E para algo simultaneamente igual e diferente, eis Jarvis Cocker e os Stereolab. Quem já viu várias vezes ao vivo o ex-Pulp – como é o nosso caso – dirá que esteve igual a si próprio. Ou seja, é sempre diferente. É verdade que o modelo não varia, teatral, charmoso, irónico, dançante, não se coibindo de ir ao baú dos Pulp, mas ao mesmo tempo surpreendendo, seja na relação com a assistência ou na música que apresenta, optando desta vez por canções pouco assimiladas, com sopros, harpas e violinos ao barulho, enquanto salta do rock para a soul, de ritmos esfuziantes para momentos mais envolventes, sempre com muita classe.
Foi longo o seu concerto, pelo que deu para ir olhar MorMor, o canadiano que talvez melhor personificou o eclectismo da primeira noite: negro, voz em falsete por vezes, praticante de uma pop alternativa que tem tanto de soul como laivos de rock, mas sempre com grande consistência, como o demonstram canções como Outside ou Heaven’s only wishful. Quando estava na última canção mais um dilúvio se abateu sobre o recinto, mas o principal já estava feito: mostrar que tem tudo para dar certo no futuro.
Um regresso ao passado futurista foi depois a proposta dos Stereolab, grupo que marcou os anos 1990 e 2000, e que regressou agora ao activo depois de um longo hiato. O que dizer? Que a sua música pop espacial, lúdica, inventiva, tão devedora do jazz, do krautrock ou do easy-listening, continua tão actual como no primeiro dia. Para quem os foi acompanhando ao longo dos anos, como é o nosso caso, foi como regressar a uma casa confortável que reconhecemos como sendo nossa.
Sente-se que as cicatrizes e a marca da passagem do tempo estão lá – depois de mais de uma dúzia de álbuns, da morte de Mary Hansen e da separação do casal Tim Gane e Laetitia Sadier –, mas a música mantém a vitalidade. Não haverá muitos exemplos na pop actual de tanta inventividade e apuro técnico.

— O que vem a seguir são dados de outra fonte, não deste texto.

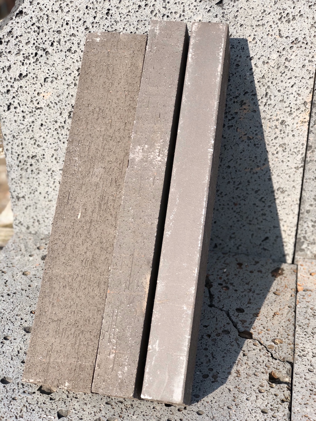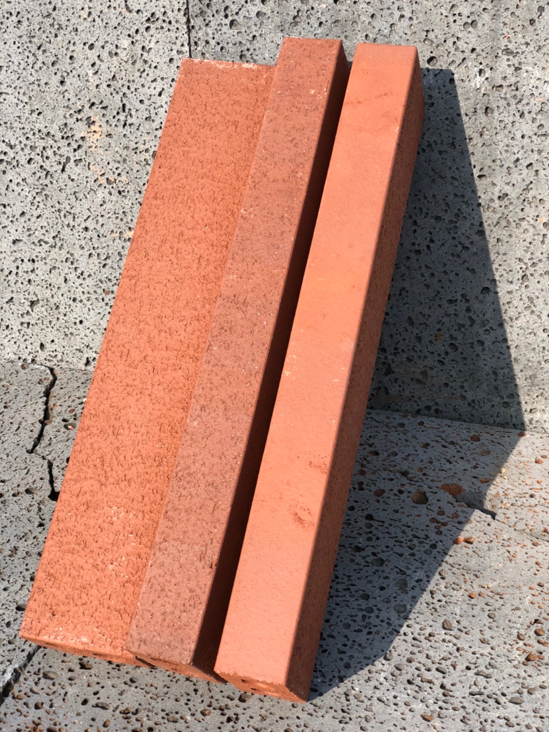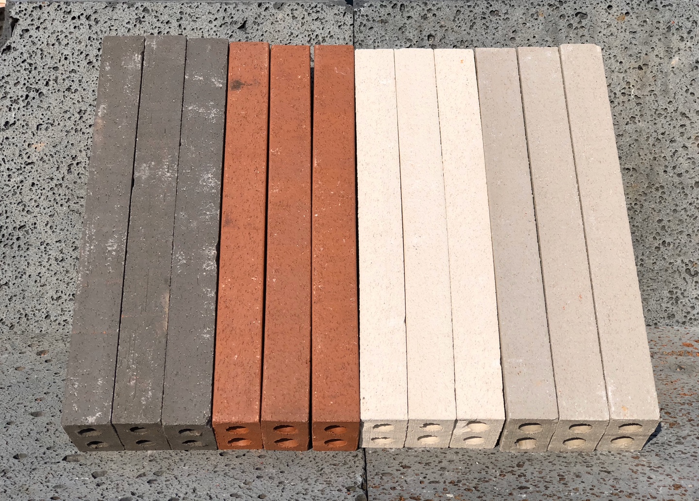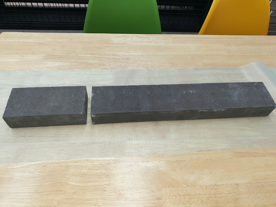 500사이즈 벽돌로 옆면에 구멍이 있으며 50부분의 한면은 면이 고운 미장 면이고 다른 한면은 토석 면입니다

Acabaram em desvario total, conquistando quem com eles cresceu, e muitos dos que nunca os tinham ouvido na vida.
Esta sexta-feira o festival prossegue com Aldous Harding, Courtney Barnett, J Balvin, James Blake, Mura Masa, Fucked Up, Interpol, Branko, Nubya Garcia, Sons Of Kesmet, SOPHIE ou JPEGMafia. Irá do rock ao hip-hop, do reggaeton ao jazz, da electrónica melancólica à mais festiva. Ou seja, espelhará o mundo da música, hoje, sem grandes fronteiras estilísticas ou geográficas.